A Roma questo tormentone non si riferisce ai petali di un fiore, ma allo stato comatoso dell’azienda municipale, che si occupa – o dovrebbe – di rifiuti. Se il cda è in crisi, noi cittadini lo annusiamo subito. Non è una metafora, ma la puzza dei cassonetti pieni, che rimangono a fermentare per giorni, mentre azienda e unico azionista – il Comune – si rinfacciano soldi pretesi e contesi. Una situazione inaccettabile.
Purtroppo, questo disservizio non è l’unico. Roma soffre di “mal-di-partecipate” – bocciate a pieni voti (tranne per l’acqua) nella recente valutazione della qualità dei servizi, compreso il trasporto pubblico della malmessa Atac. Questo perché è mancata una gestione corretta, a causa di un controllo politico inefficace, visto che i partiti hanno scambiato assunzioni con consenso, mentre i sindacati interni si sono accaparrati tessere in cambio di indifferenza verso un assenteismo anomalo.

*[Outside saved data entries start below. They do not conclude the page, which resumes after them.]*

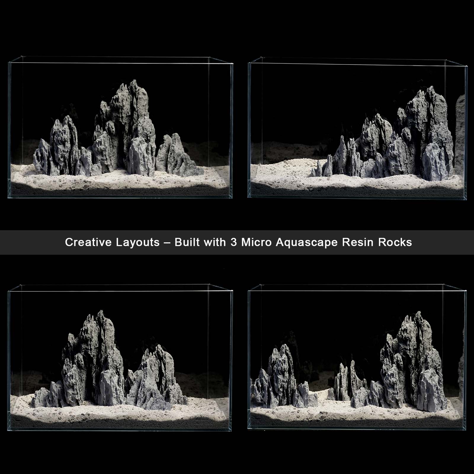 - Flexible Aquascaping in 3 Sizes: This resin rock series feature seiryu stone textures and balanced shapes for easy arrangement. Available in large, medium, and small sizes—each piece can be purchased individually or combined freely to create mountain ranges, canyons, Iwagumi layouts, or stream-like scapes. A simple way to add depth and natural style to any aquarium.
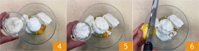 Ajoutez également la crème aigre 4 et la fécule de maïs 5, puis râpez le zeste de citron 6.
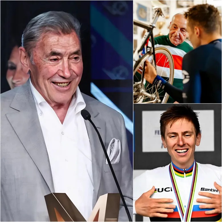 Eddy Merckx gaf Tadej Pogañar een vintage fiets die hij gebruikte toen hij de Tour de France van 1974 won, met de ontroerende boodschap: “Je hebt een vuur. Laat het lawaai het niet doven.” Een bescheiden maar krachtig gebaar, dat een hele nieuwe generatie wielrenners zou kunnen inspireren. Tadej Pogañar reageerde op dit geschenk met een kleine daad die Eddy Merckx diep ontroerde en ontroerde…!!!!
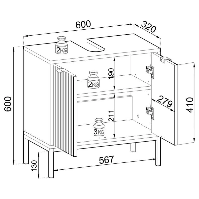 - Meuble sous lavabo (L x H x P) : 60 x 60 x 32 cm
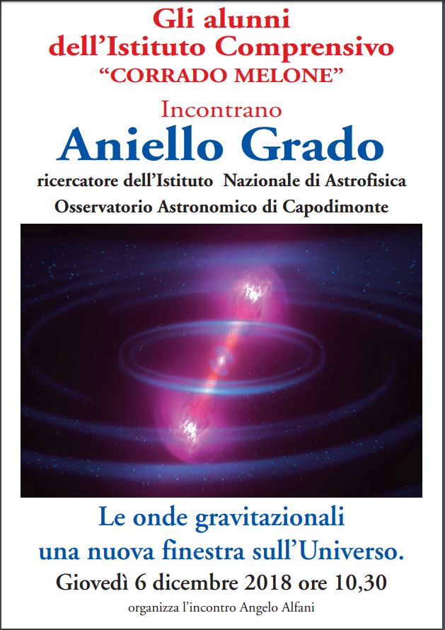 Il prossimo giovedì 6 novembre, gli studenti della “Corrado Melone” incontreranno il dott. Aniello Grado, ricercatore dell’ Istituto Nazionale di Astrofisica – Osservatorio Astronomico di Capodimonte che parlerà di “Onde gravitazionali: una nuova finestra sull’Universo”.
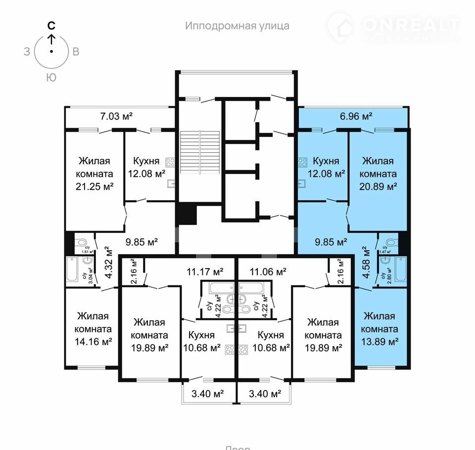 Общая площадь 69.8 м2
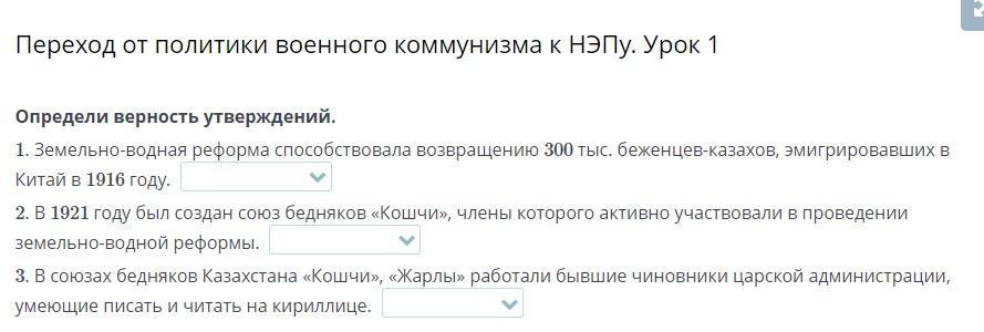 3. В союзах бедняков Казахстана «Кошчи», «Жарлы» работали бывшие чиновники царской администрации, умеющие писать и читать на кириллице.

Privatizzazione? Ancora no, si deve tentare il risanamento. Ma se la politica continua a badare più al consenso che all’efficienza delle controllate e i sindacati continuano a tollerare i ladri di tutele, allora sì: meglio il profitto privato che fa pagar caro il servizio, che la gestione pubblica che offre a costi più contenuti il totale disservizio.